A goodbye to a man who taught us how to look at death

Rob said that being willing to die was different than accepting death. He did not want to make friends with death. Instead, he called it the 'final evil' — which he, as a Christian, was willing to endure.

Rob Moll in June 2018. Photo via Facebook

(RNS) — There’s a voice message that I can’t erase off of my cellphone. It’s about 3 years old, from my friend Don out in Washington.

Don had been a hard-driving businessman in his younger years. He spent the later years of his life doing good works around the globe: reconciliation meetings in the post-war Balkans, relief work in North Korea and in China, and closer to home, supporting a prison ministry near his hometown of Seattle.

We’d met at a church breakfast, where he was the speaker, and I later spent a few days with him and his wife for a magazine profile.


In the years since, we’d kept in touch – sometimes to talk about a new project or something in the news that bugged him.

The last call came on Aug. 11, 2016, and went to voicemail. “Thinking about you,” he said. “No agenda. Just wanted to call in to check in on a friend.”

I called back. He didn’t pick up. We never did connect. A few months later, I got the news that cancer had taken his life.

I hold on to that voicemail, hoping someday I’ll get that callback.

Don’s call came back to mind this week when I heard that Rob Moll had died.

Rob, 41, an editor and writer, had been hiking Mount Rainer, his favorite place in the world, when he died in an accident. He leaves behind his wife and four children.

I don’t have voicemails from Rob.
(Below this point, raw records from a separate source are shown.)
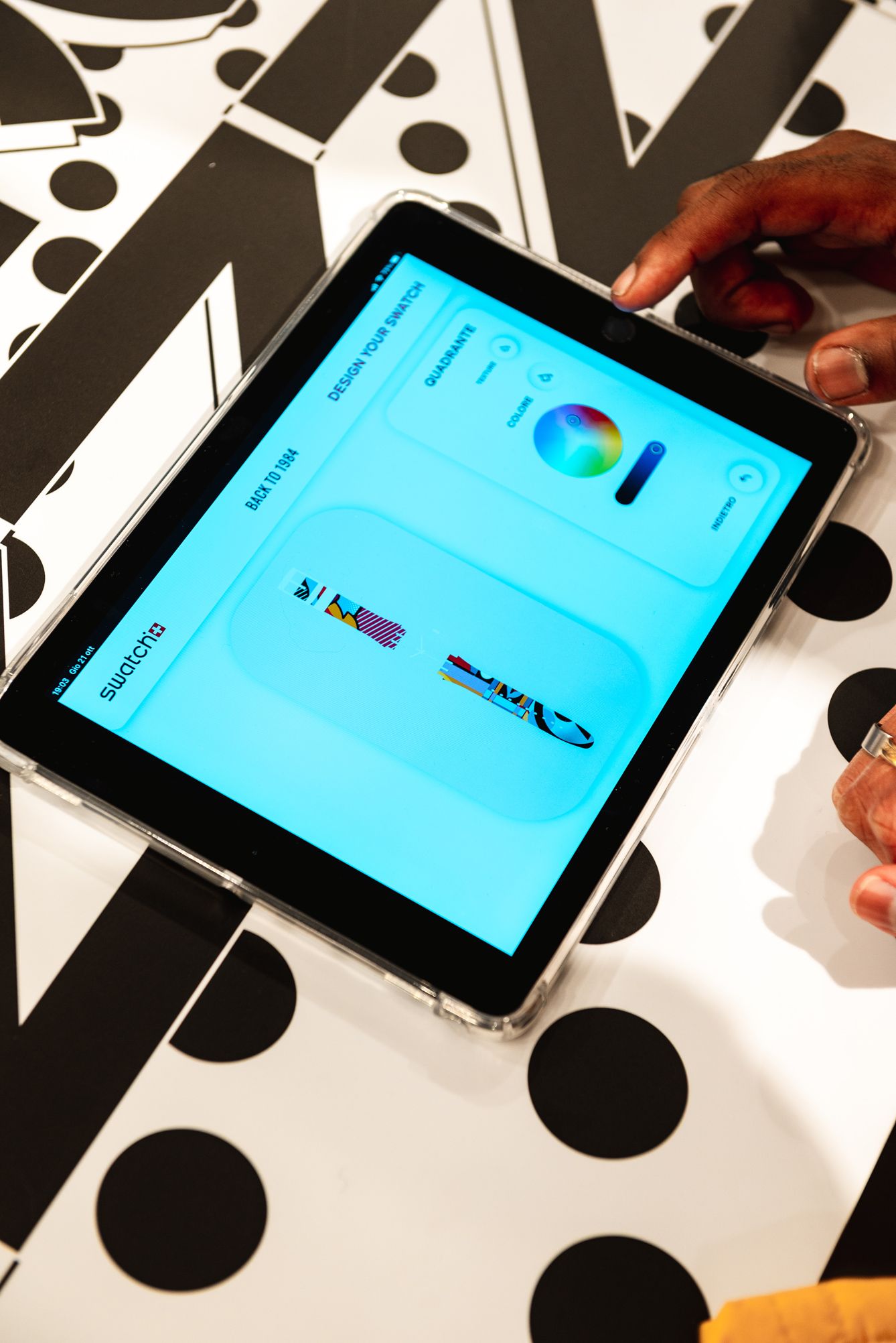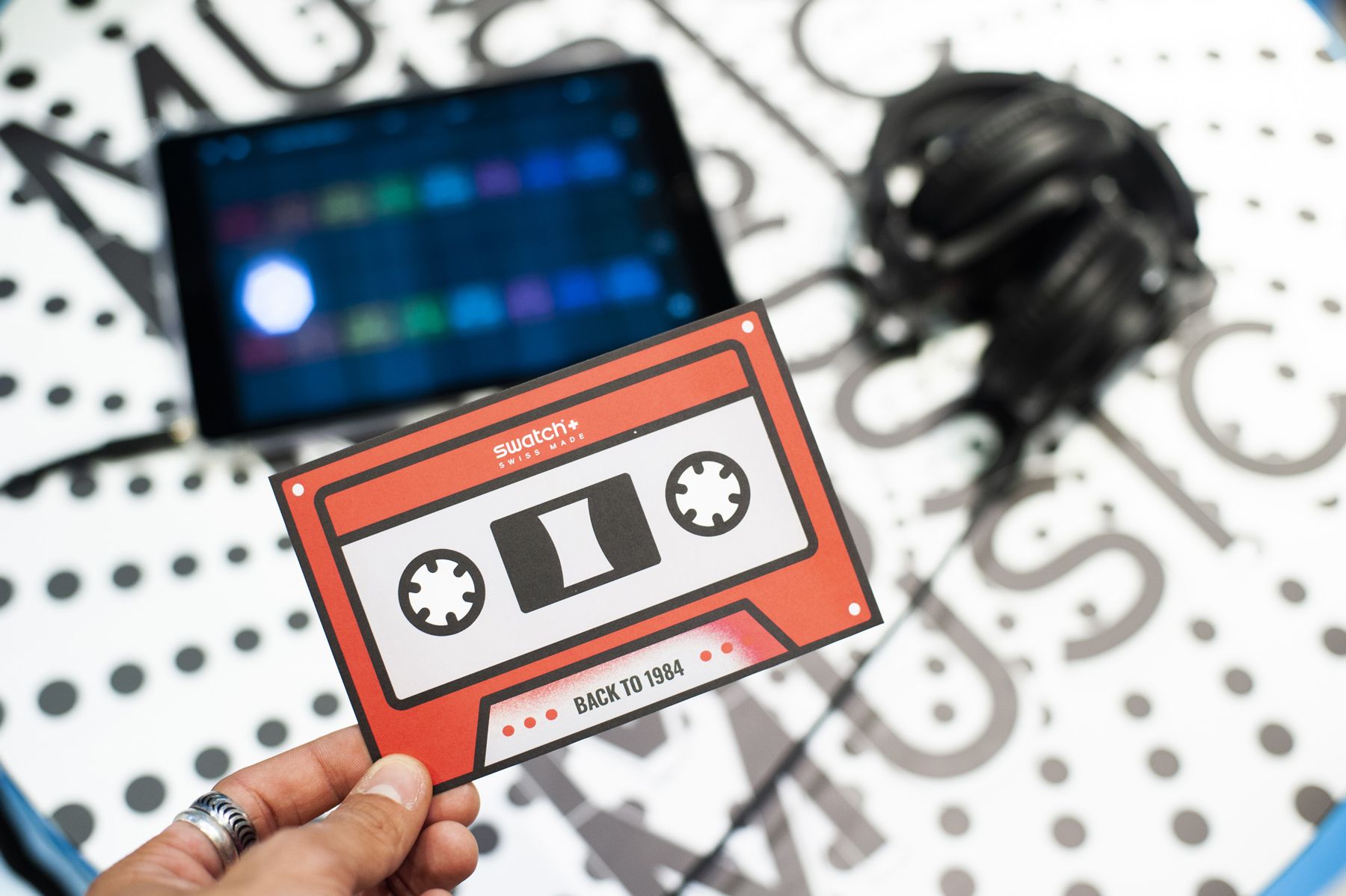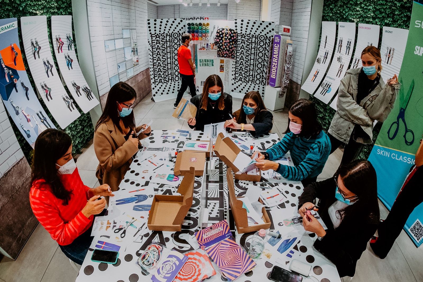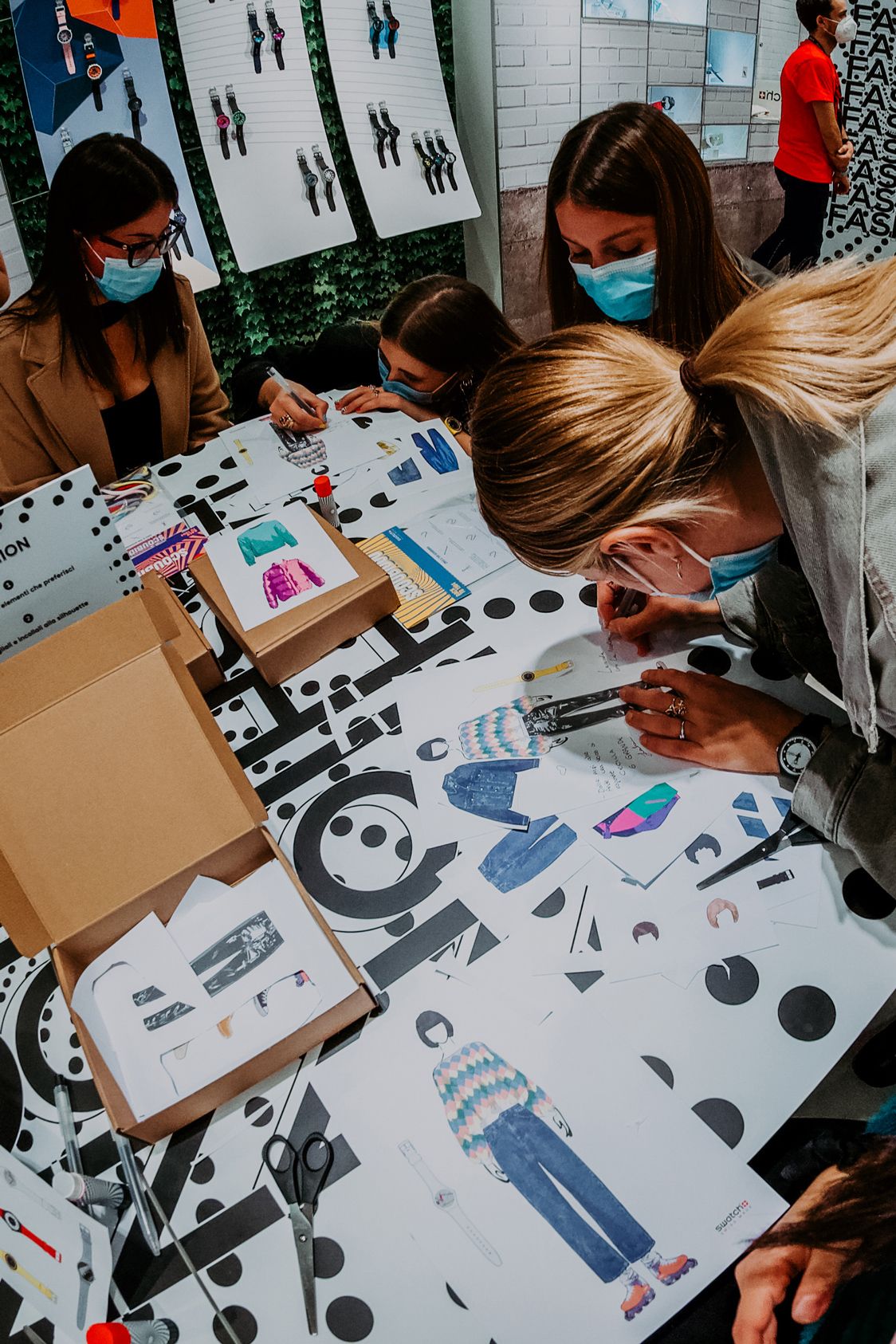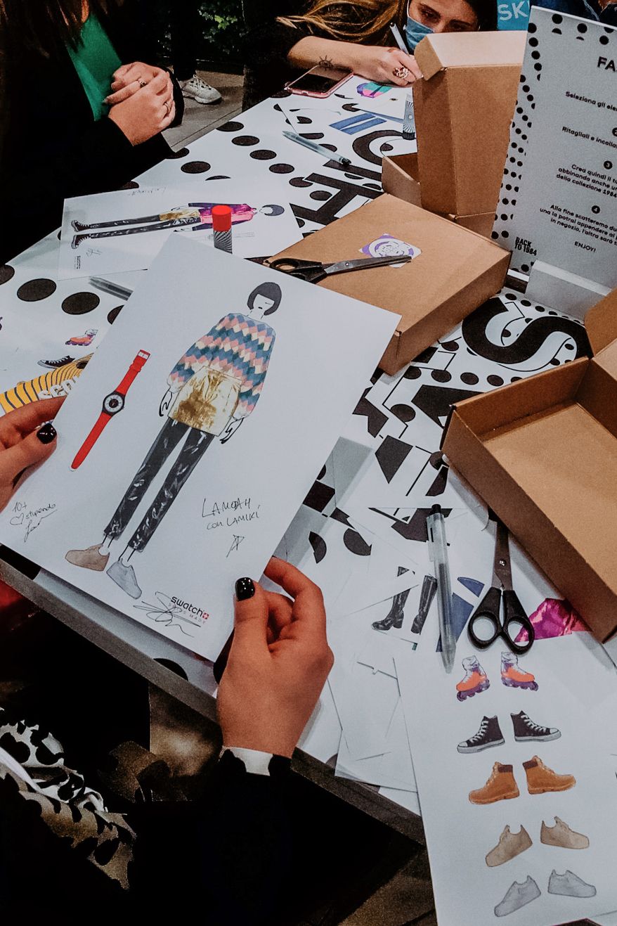 In Rome the theme was Fashion, so the participants together with stylists Michela D'Angelo and Giada Zappa immersed themselves in the 80s, cutting, pasting and creating looks inspired by those years. The visual artists Red and the Van Orton brothers were the protagonists of the Turin event dedicated to Design, guiding the guests in the use of an exclusive tablet app to customize the silhouette of the Swatch watch with colors and patterns designed ad hoc. In the last event in Milan, the guests had the opportunity to mix a series of 80s-themed music loops made especially for the occasion by Crookers and Sgamo during the Music workshop.
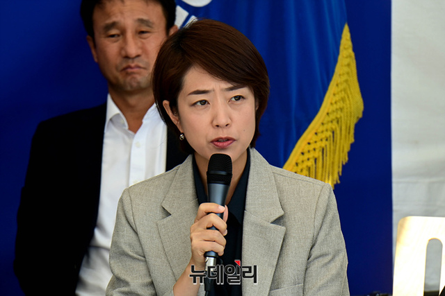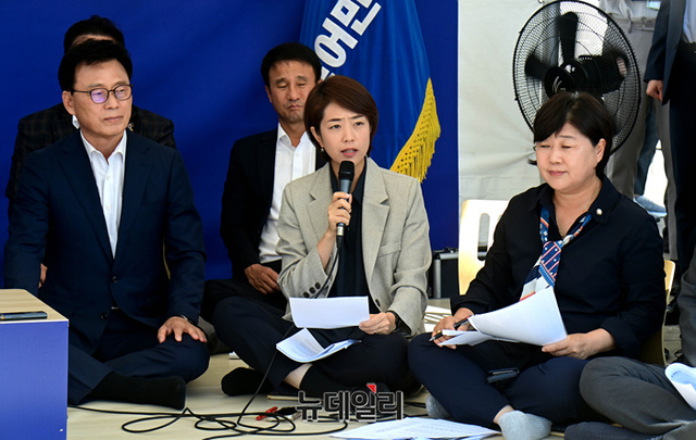 고민정 더불어민주당 최고위원이 6일 오전 국회 본청 앞 이재명 대표 단식투쟁천막에서 열린 최고위원회의에서 발언을 하고 있다.
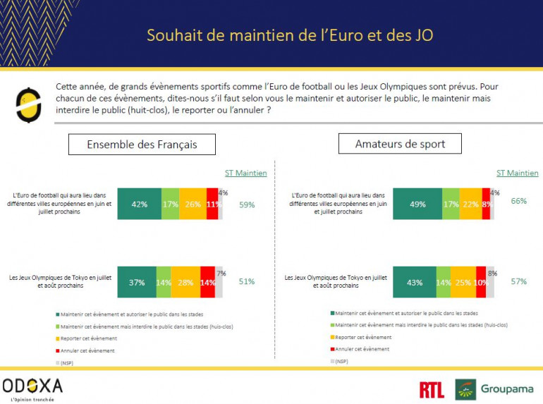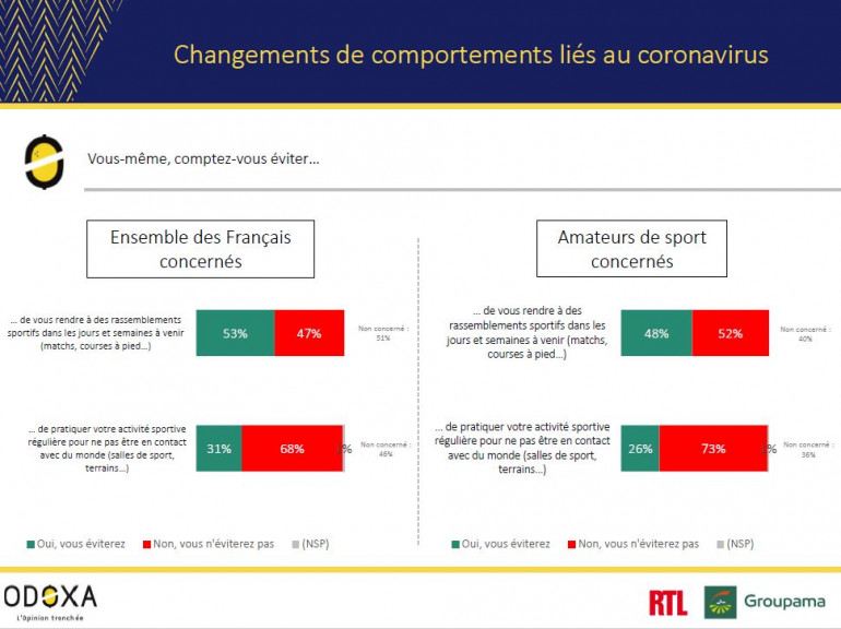Les Français eux-mêmes comptent prendre des précautions : 53% de ceux qui avaient prévus de se rendre à des rassemblements vont l’éviter et 31% des sportifs vont éviter de pratiquer leur activité. Enfin, une courte majorité de Français souhaitent que l’Euro de football (59%) et les JO d'été de Tokyo (51%) soient maintenus.
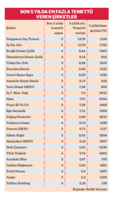 Gedik Yatırım’ın çalışmaları kapsamında son 5 senede ortalama olarak temettü verimi en yüksek hisse yüzde 13.79 ile Pergamon Dış Ticaret. Bu şirketi yüzde 11.78’lik temettü verimi ile İş Yatırım Ortaklığı takip ediyor. Ereğli Demir Çelik de son 5 yılın dördünde temettü dağıttı ve ortalama temettü verimi yüzde 9.44. Ancak Ereğli’nin 2023 yılını zararla kapatması bekleniyor. Tofaş Oto, Enerjisa, Vestel Beyaz, Anadolu Hayat Emeklilik yine temettü verimi yüksek şirketler listesinde üst sıralarda yer alıyor. Temettü verimi yüksek şirketlerin son 5 yıllık hisse performansları da oldukça yüksek. Temettü verimi en yüksek ilk 10 şirket hissesinin 5 yıllık getirileri de yüzde 825 ile yüzde 8 bin arasında değişiyor.

But I have emails and Facebook messages and many fond memories.


Rob Moll. Photo courtesy of InterVarsity Press

Rob edited some of my stories for Christianity Today, where he worked for years as an editor and writer. Later, I worked on a project for him after he left CT — a project we discussed for a few hours over beers at a professional conference, a memory I cherish.

Last time we spoke, I’d asked him to write a piece about how clergy can talk to their people about their own mortality. He said he’d love to, but said, “I need a little time.”

Death was a subject he’d thought about for years. Rob had spent time as a hospice volunteer, an experience that led him to write “The Art of Dying,” a book about spirituality and the end of life. He wrote about how death has disappeared in modern life. Or at least, any conversation about our own mortality and the fleeting nature of life.

Death has moved from the home into the hospital, and medical professionals have taken over much of the care of the deathly ill. And we have lost track of it. “These changes allowed patients to survive — at least temporarily — diseases that would have killed them. But through this exchange, we forgot what death looks like, and we lost something,” Rob wrote.

There are so many other things that take our attention. So much noise. So many tweets and viral videos and Facebook feuds. So many worries. So much time spent on our phones, checking our statuses. So much to do. So little time to think about the end of life.

And then one of our friends is gone and death takes over. All the noise grinds to a halt. All the busyness is over.


For a short while, we remember about death. That we are all terminal. We remember that most of the noise in life is about trivial things and that the time we have with friends is precious and all so short.

Then we forget again. Some years ago, Rob was asked how a congregation should respond when one of its members is given a terminal diagnosis. In response, he wrote about the importance of letting go. “Saying goodbye requires a willingness to die. One cannot be ready to enter eternity while fighting tooth and nail to keep out of it,” he wrote.

Rob said that being willing to die was different than accepting death. He did not want to make friends with death. Instead, he called it the “final evil” — which he, as a Christian, was willing to endure.

“We need not accept death; it is evil,” he wrote. “But, when God calls us home, we do need to be willing, like Jesus in the garden, to take the cup given to us.”

It’s a lovely answer. I hate it. The letting go part, at least.

Rob’s death came on the heels of news that a beloved friend is dying of cancer – someone I do not want to let go of. Cancer took another friend last year and may soon take a third.

And more will come, I am sure. Death is relentless that way.

My friend who is dying has started to make a list of things she no longer has time for. When something on her list comes up, she says no to it. She wants to spend the time she has left on the things that matter to her. And she is willing to die – though in no rush.


I will have to learn how to let go of her, and Rob and all the people I love and who matter.

For now, I’ll hang on to what we have. Some voicemails and emails and conversations and fond memories.

My friend Don never did say goodbye. “I’d love to hear from you,” he said. “Take care.”